What is expected
Omit the pictures, but give back every entry below exactly as written.

(Dataset excerpts)
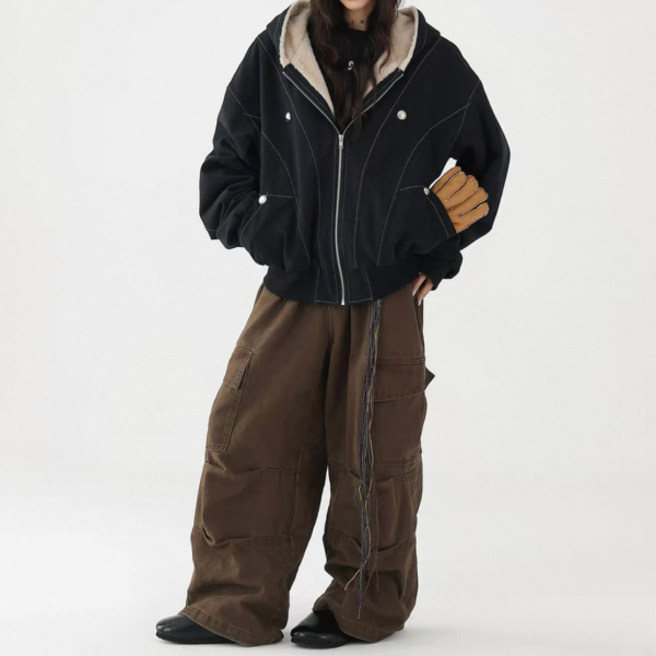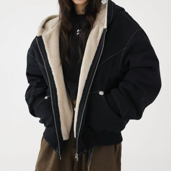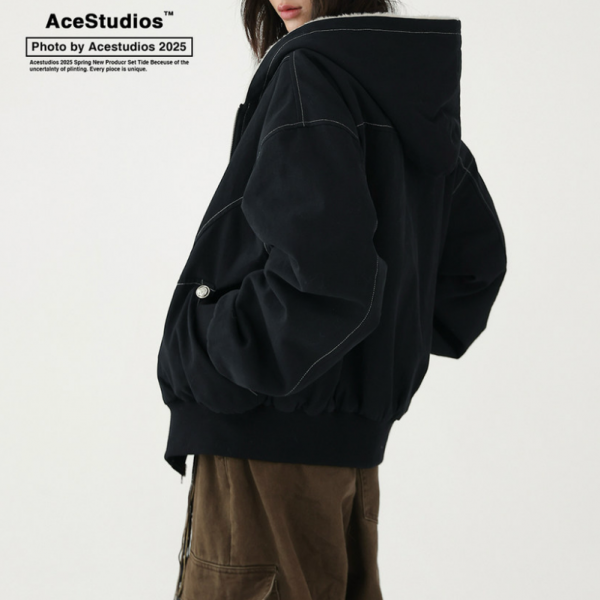 AceStudios ブラック ホワイトステッチ インナーファー インナーボア オーバーサイズ ブルゾン パーカー ジャケット ワンホンが入荷しました。
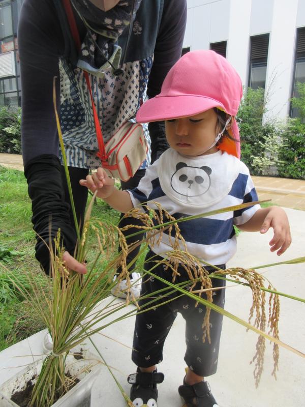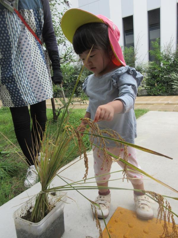 「ここにお米さんが入っているんだよ」と話し、みんなでゆっくり見ました。
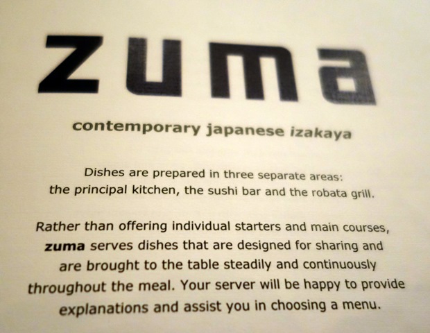Le dernier soir de notre séjour, nous allons dîner au restaurant Zuma restaurant japonais de cuisine contemporaine. C’est l’endroit à la mode, « the place to be », et si l’on vient en Rolls, en Ferrari ou en Aston Martin, le voiturier la garera bien en vue. Pour nous, il faudra plus de dix minutes en fin de repas pour que le voiturier aille la chercher – pardon, l’un des voituriers – au fin fond de l’échelle sociale.
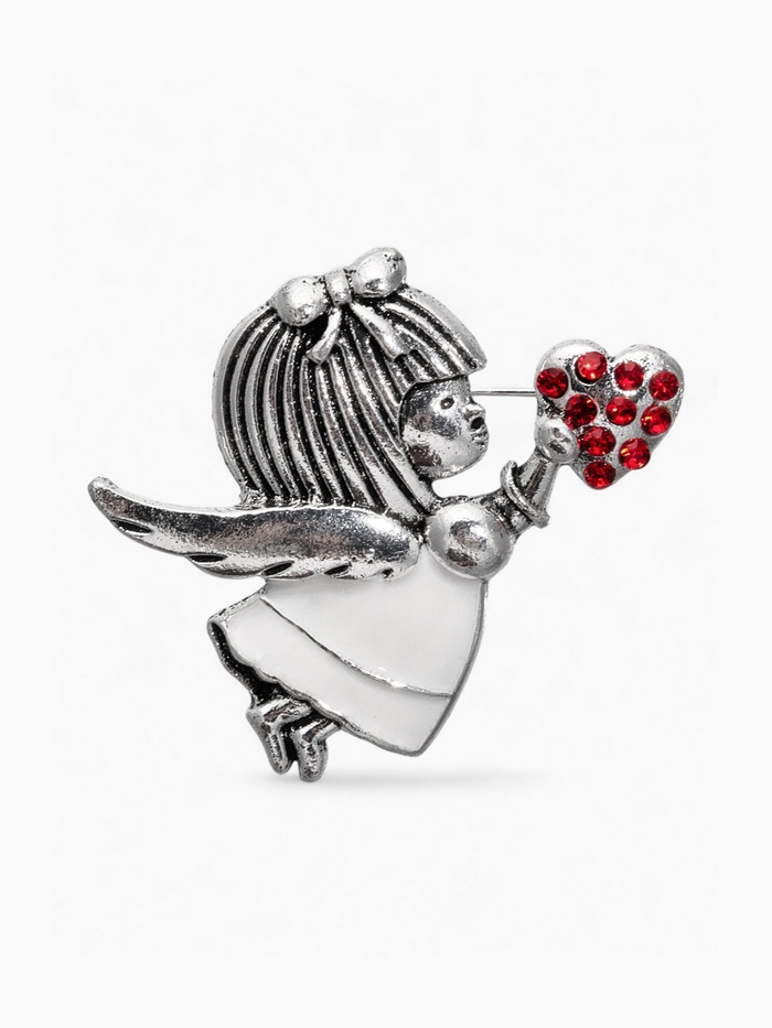 Брошь «Купидон» девочка, цвет красно-белый в чернёном серебре
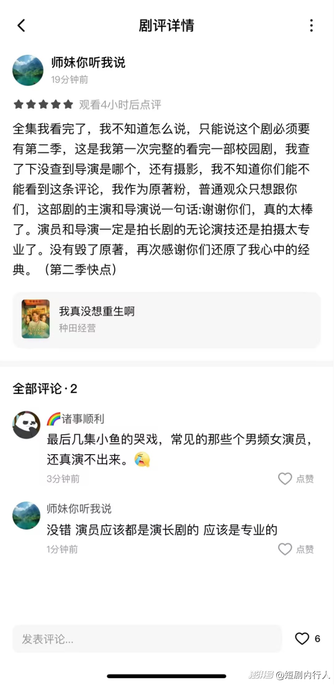 評(píng)論區(qū)里“百年難遇蕭容魚,世間絕無沈幼楚” 的感慨刷屏,原著粉留言 “感謝你們還原了我心中的經(jīng)典(第二季快點(diǎn))”,更有網(wǎng)友急盼 “有沒有第二部?。坎恍形彝顿Y!”
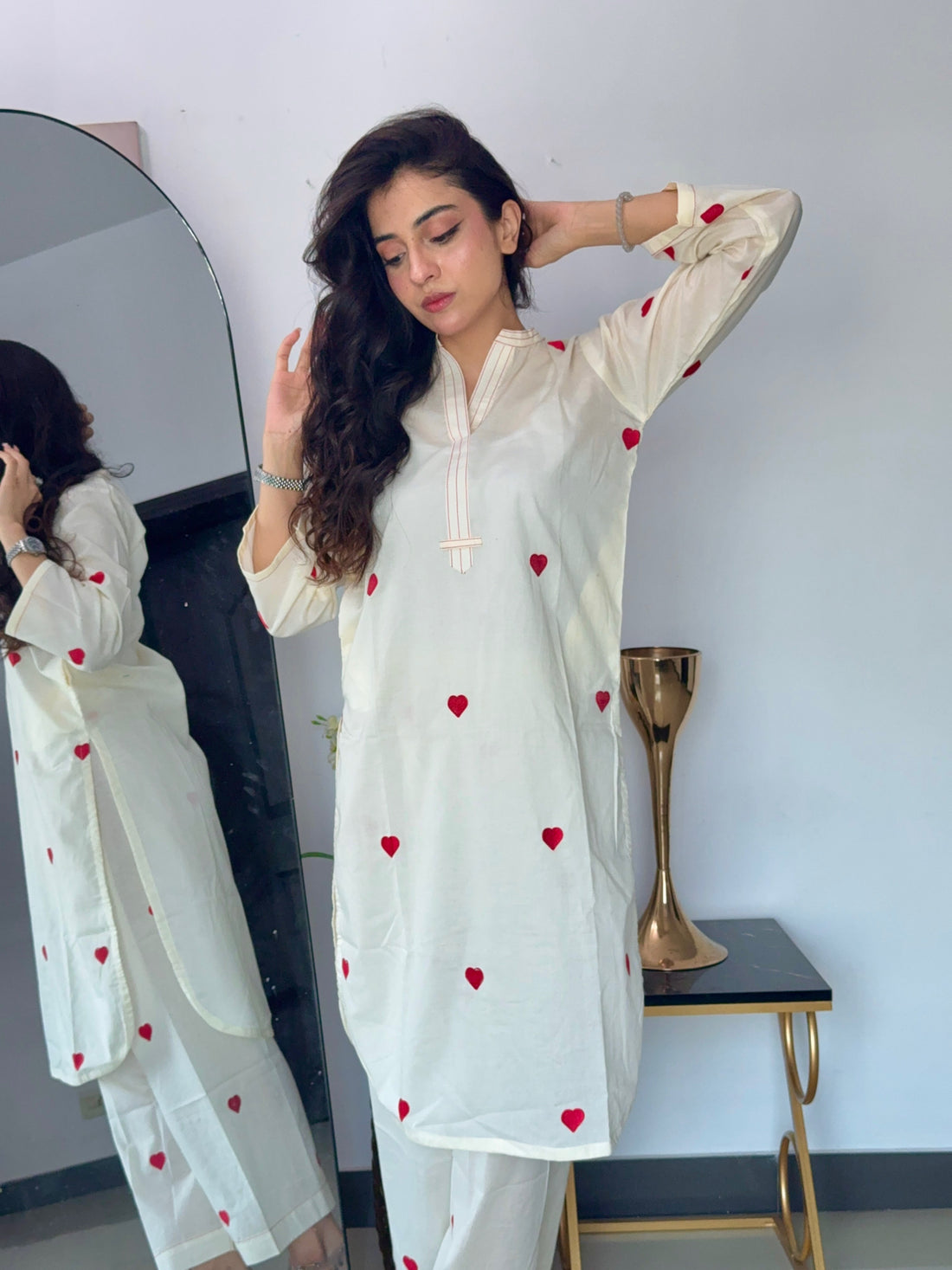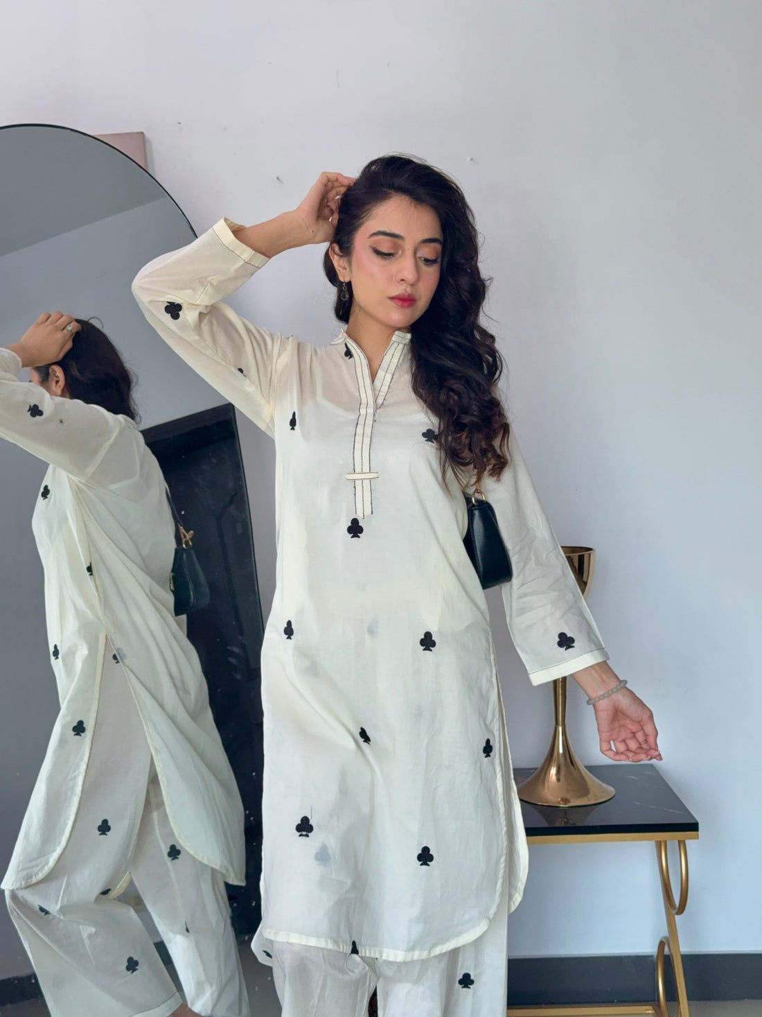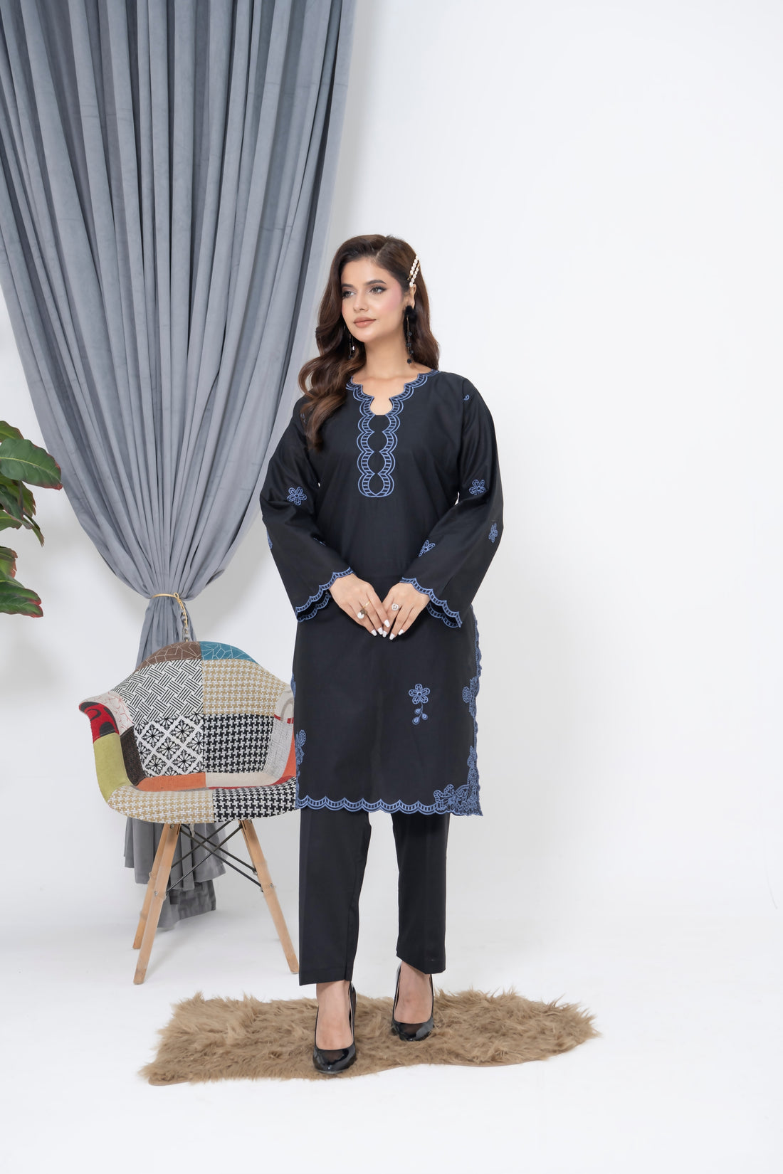 S-602 2PC Cotton Stitched Back Embroidered Shirt with trouser

Task answer
 AceStudios ブラック ホワイトステッチ インナーファー インナーボア オーバーサイズ ブルゾン パーカー ジャケット ワンホンが入荷しました。
 「ここにお米さんが入っているんだよ」と話し、みんなでゆっくり見ました。
Le dernier soir de notre séjour, nous allons dîner au restaurant Zuma restaurant japonais de cuisine contemporaine. C’est l’endroit à la mode, « the place to be », et si l’on vient en Rolls, en Ferrari ou en Aston Martin, le voiturier la garera bien en vue. Pour nous, il faudra plus de dix minutes en fin de repas pour que le voiturier aille la chercher – pardon, l’un des voituriers – au fin fond de l’échelle sociale.
 Брошь «Купидон» девочка, цвет красно-белый в чернёном серебре
 評(píng)論區(qū)里“百年難遇蕭容魚,世間絕無沈幼楚” 的感慨刷屏,原著粉留言 “感謝你們還原了我心中的經(jīng)典(第二季快點(diǎn))”,更有網(wǎng)友急盼 “有沒有第二部?。坎恍形彝顿Y!”
 S-602 2PC Cotton Stitched Back Embroidered Shirt with trouser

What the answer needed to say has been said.